--- Extracted information ---

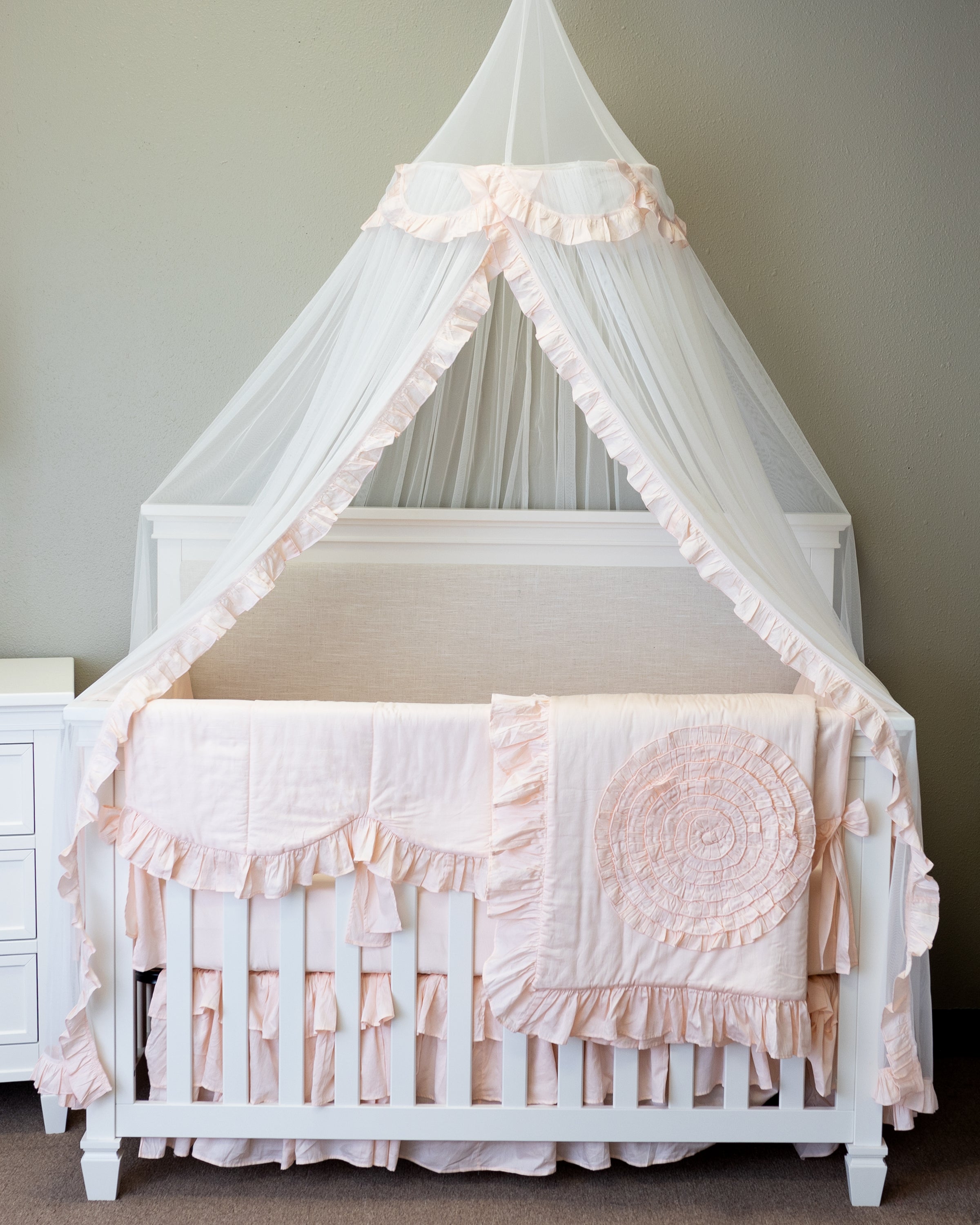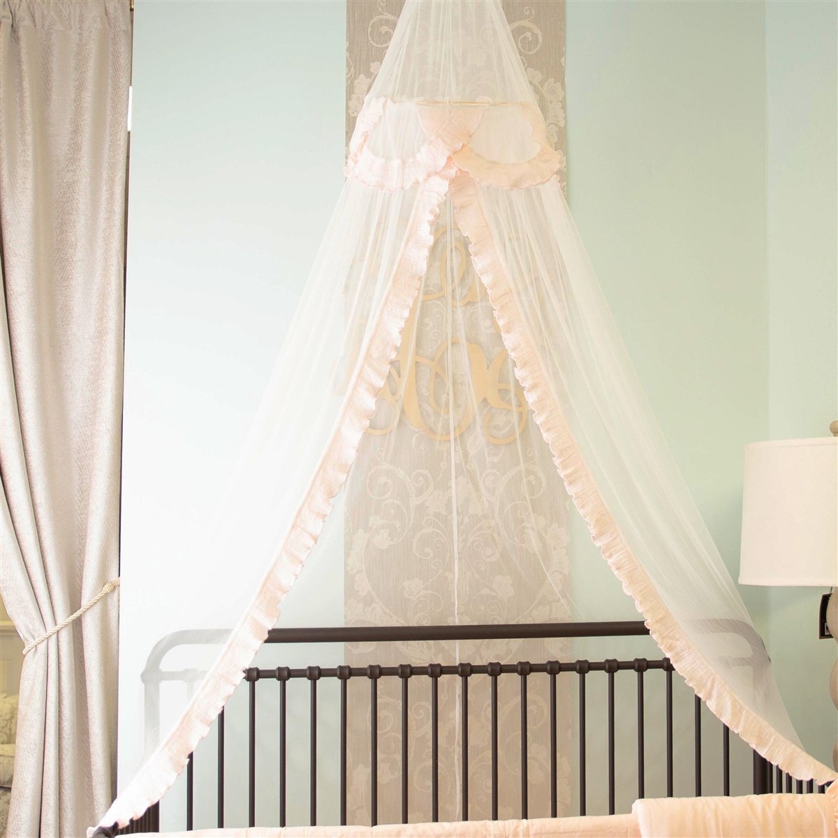 The canopy features a delicate lace trim that adds a sophisticated touch to the overall design. Its soft blush pink color complements a variety of nursery themes, making it a versatile choice for parents looking to create a serene environment for their little ones. The lightweight tulle fabric allows for gentle airflow, ensuring that your baby stays comfortable while sleeping or playing.
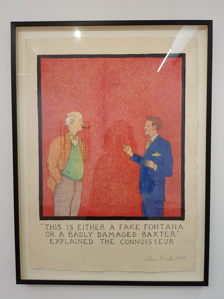 On reconnaît facilement ce qui est devenu la signature de Baxter : un dessin à la ligne claire, coloré au crayon et associé à un texte court, décalé, percutant, concernant. Le rapport texte-image semble avoir toujours été une évidence pour cet artiste qui comme nous le rappelle le communiqué de presse de la galerie, « après une formation à l’école d’art de Leeds […] comprend qu’il est davantage attiré par la poésie que par la peinture abstraite »
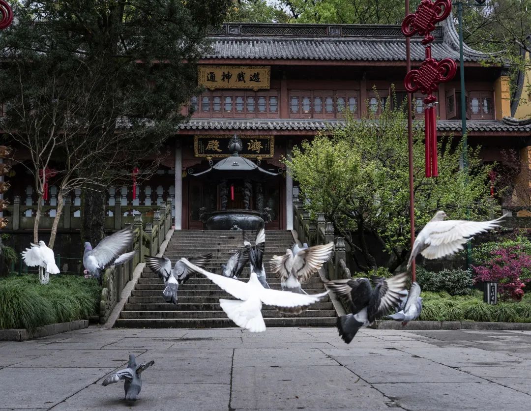 灵隐凭临钱塘武林山,为印度高僧慧理大师于东晋咸和元年326年创建。虽几经兴衰,然历史悠久,规模恢宏,庄严肃穆的殿宇与寺前的飞来峰浑然一色。
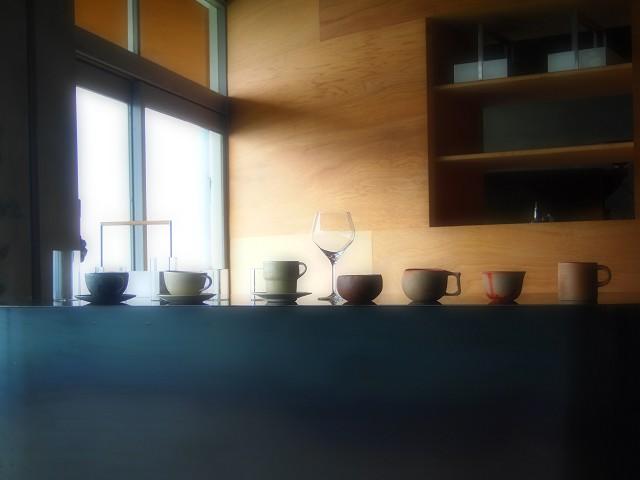 店内には備前焼のカップやグラスが整然と並んでいます。
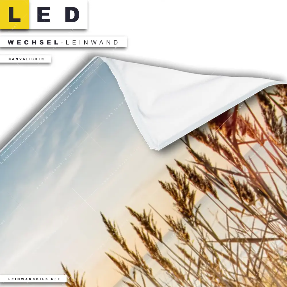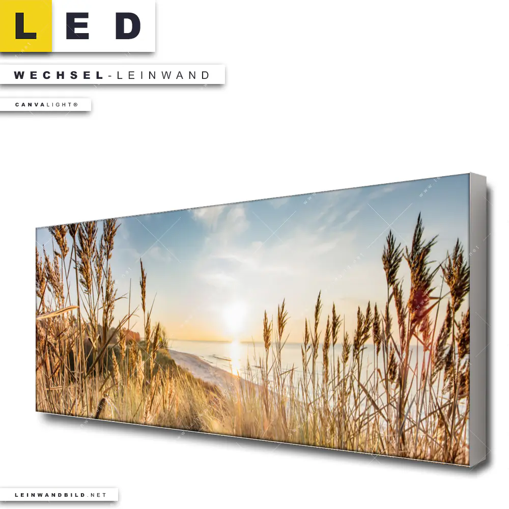 Du bist auf der Suche nach einer Landschaften, Strand - Meer Wechsel-Leinwand für Dein LED-Leinwandbild im Panorama-Format? Begriffe wie Deutschland, Sommer, Dünen, Gräser, Urlaub, Reisen, Ostsee, Nordsee, Strand, Meer, Sonnenuntergang, Sonnenaufgang haben Dich auf der Suche nach Deiner Ersatz-Leinwand für dein extra breites LED Wandbild mit wechselbarer Leinwand inspiriert? Farben wie Beige, Blau, Braun dürfen auf Deinem neuen Wechselmotiv für Dein XXL Leinwand-LED-Bild nicht fehlen und Leinwände im Retro - Vintage, Natürlich - Realistisch Stil für Leuchtbilder passen perfekt zu Deinem Einrichtungsstil?
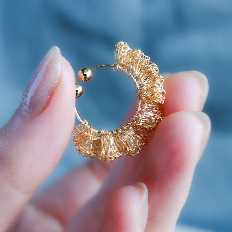 ふわりフリル – ワイヤークロッシェ イヤーカフ(一つ) ゴールド
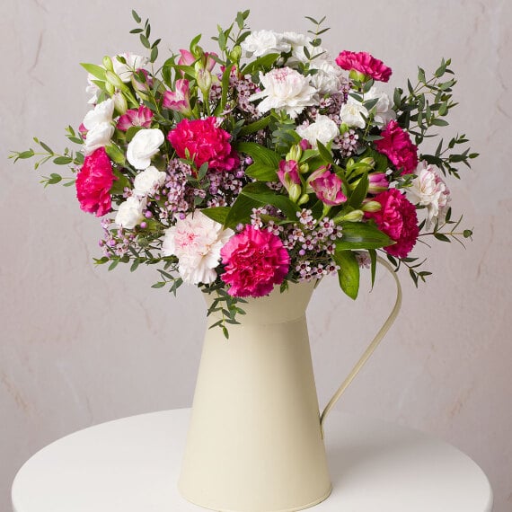 A beautiful combination of long-lasting Carnations in shades of pink and white, with pollen-free Alstroemeria. Paired pink Wax Flower and lush Eucalyptus foliage, this large bouquet is ideal for making special occasions even more memorable.
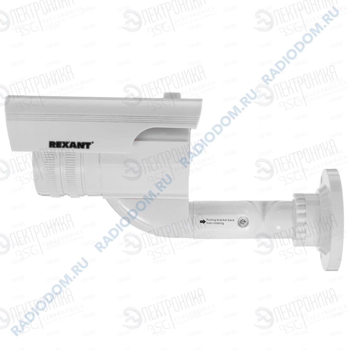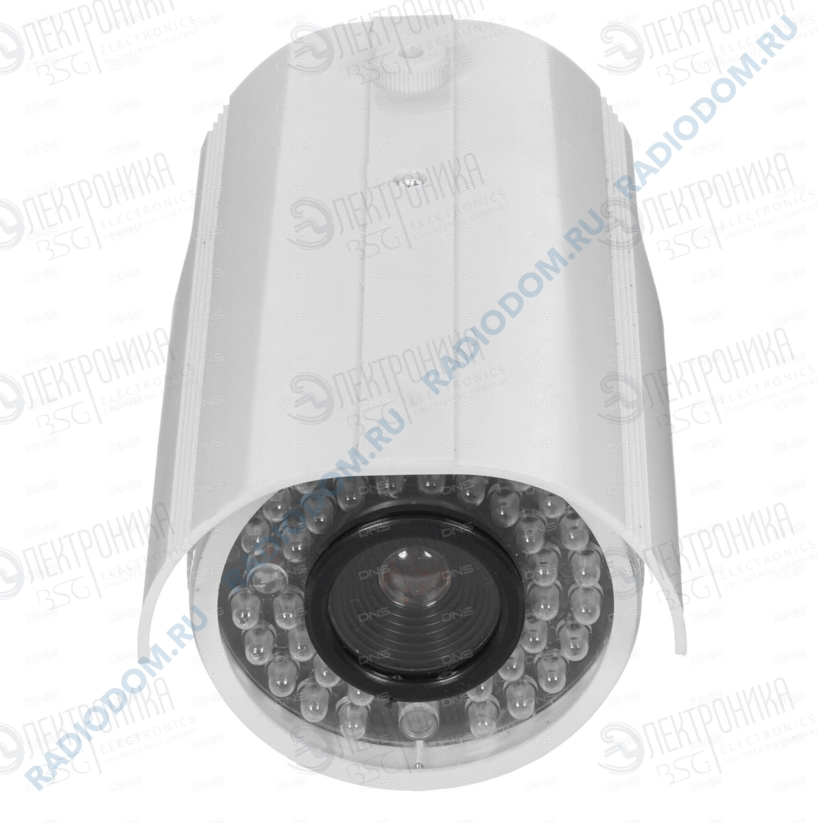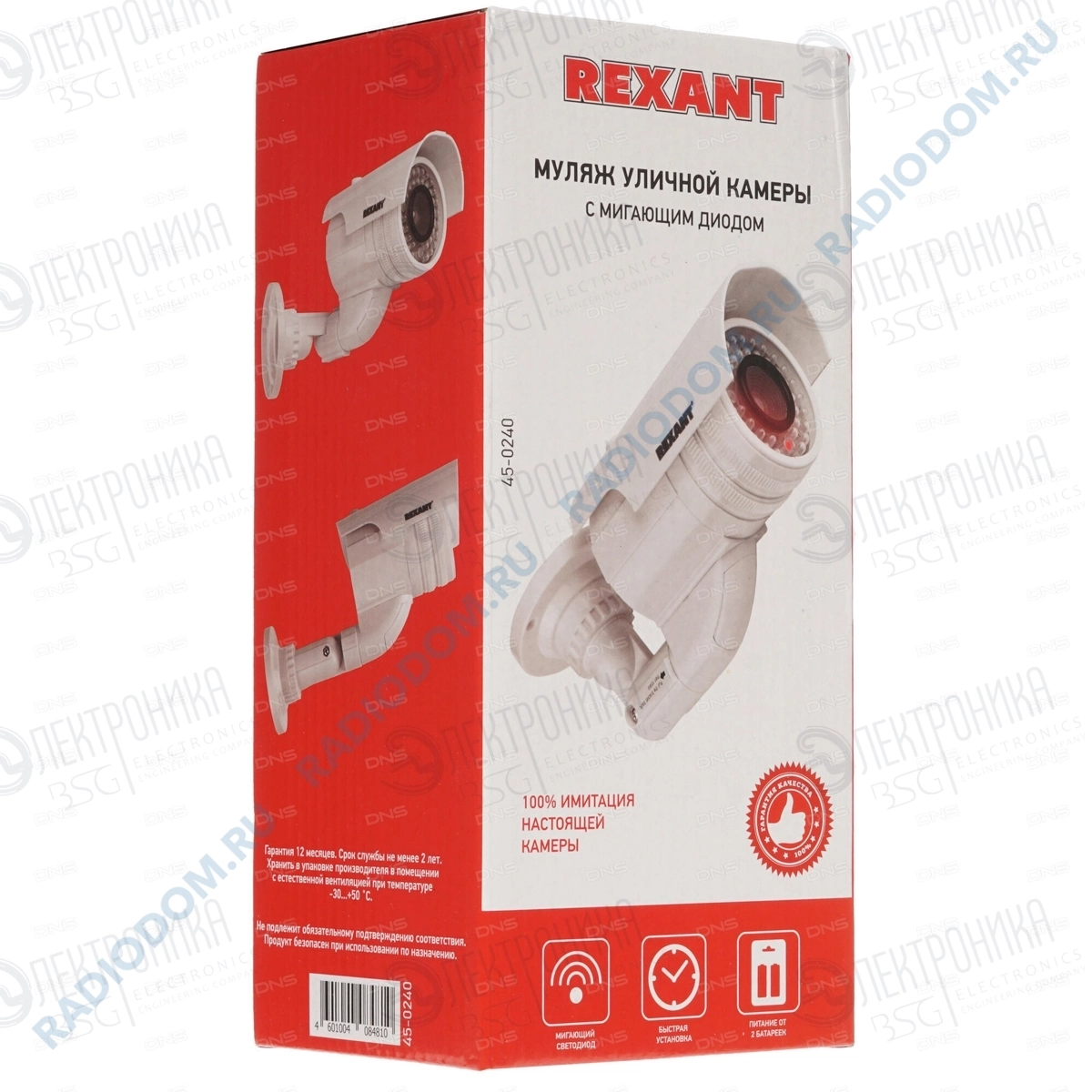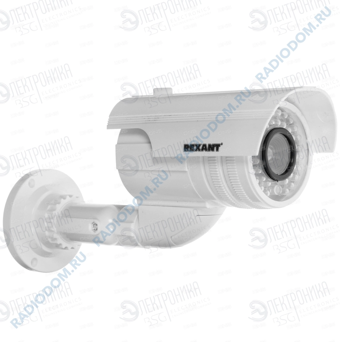 Муляж уличной цилиндрической камеры видеонаблюдения белого цвета с мигающим красным светодиодом неотличим от обычной камеры.
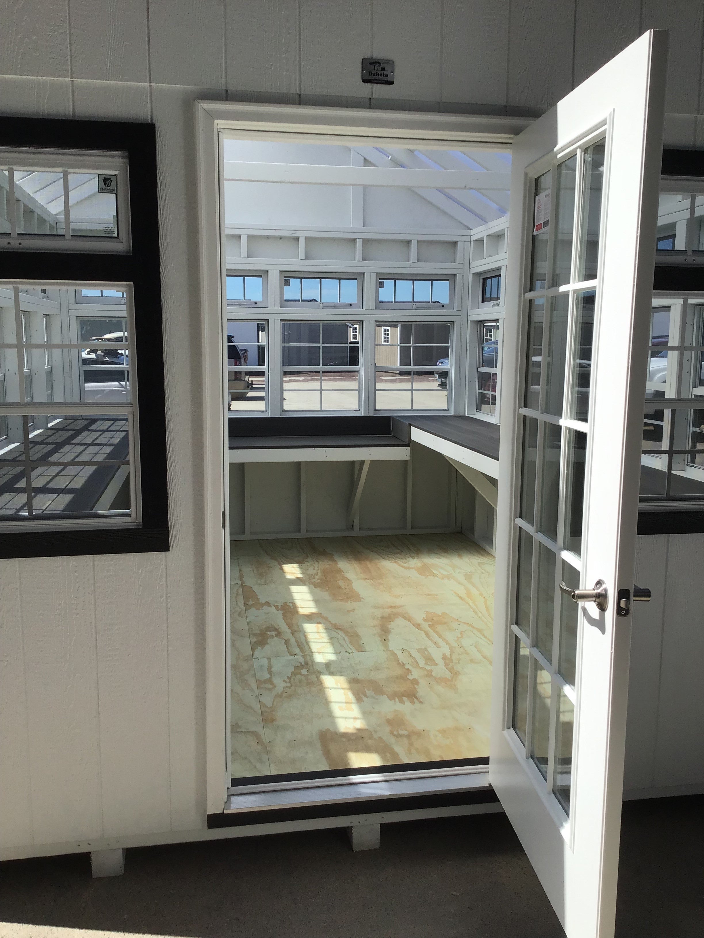 ~ 10X12 Green House Galley With Wood Panel Siding ** Roofline - 7/12 Classic Gable** ~ Building Color - Super White (SW 6995) ~ Trim Color - *FASCIA, CORNER, WINDOW & DOOR TRIM* - Tricorn Black (SW6258) Super Paint ~ Inside of Greenhouse Will be Painted White. ~ 5/8in Thick Softlite Twinwall Polycarbonate Panels; Roof Trim Color - Black

---

▶ [Your goal]: Look above and copy only the lines from the one holding "灵隐凭临钱塘武林山,为印度高" to the one holding "ふわりフリル – ワイヤークロッシェ イヤーカフ(一つ) ゴールド", both included, exactly, minus the pictures.

▶ [Response below]:
 灵隐凭临钱塘武林山,为印度高僧慧理大师于东晋咸和元年326年创建。虽几经兴衰,然历史悠久,规模恢宏,庄严肃穆的殿宇与寺前的飞来峰浑然一色。
 店内には備前焼のカップやグラスが整然と並んでいます。
 Du bist auf der Suche nach einer Landschaften, Strand - Meer Wechsel-Leinwand für Dein LED-Leinwandbild im Panorama-Format? Begriffe wie Deutschland, Sommer, Dünen, Gräser, Urlaub, Reisen, Ostsee, Nordsee, Strand, Meer, Sonnenuntergang, Sonnenaufgang haben Dich auf der Suche nach Deiner Ersatz-Leinwand für dein extra breites LED Wandbild mit wechselbarer Leinwand inspiriert? Farben wie Beige, Blau, Braun dürfen auf Deinem neuen Wechselmotiv für Dein XXL Leinwand-LED-Bild nicht fehlen und Leinwände im Retro - Vintage, Natürlich - Realistisch Stil für Leuchtbilder passen perfekt zu Deinem Einrichtungsstil?
 ふわりフリル – ワイヤークロッシェ イヤーカフ(一つ) ゴールド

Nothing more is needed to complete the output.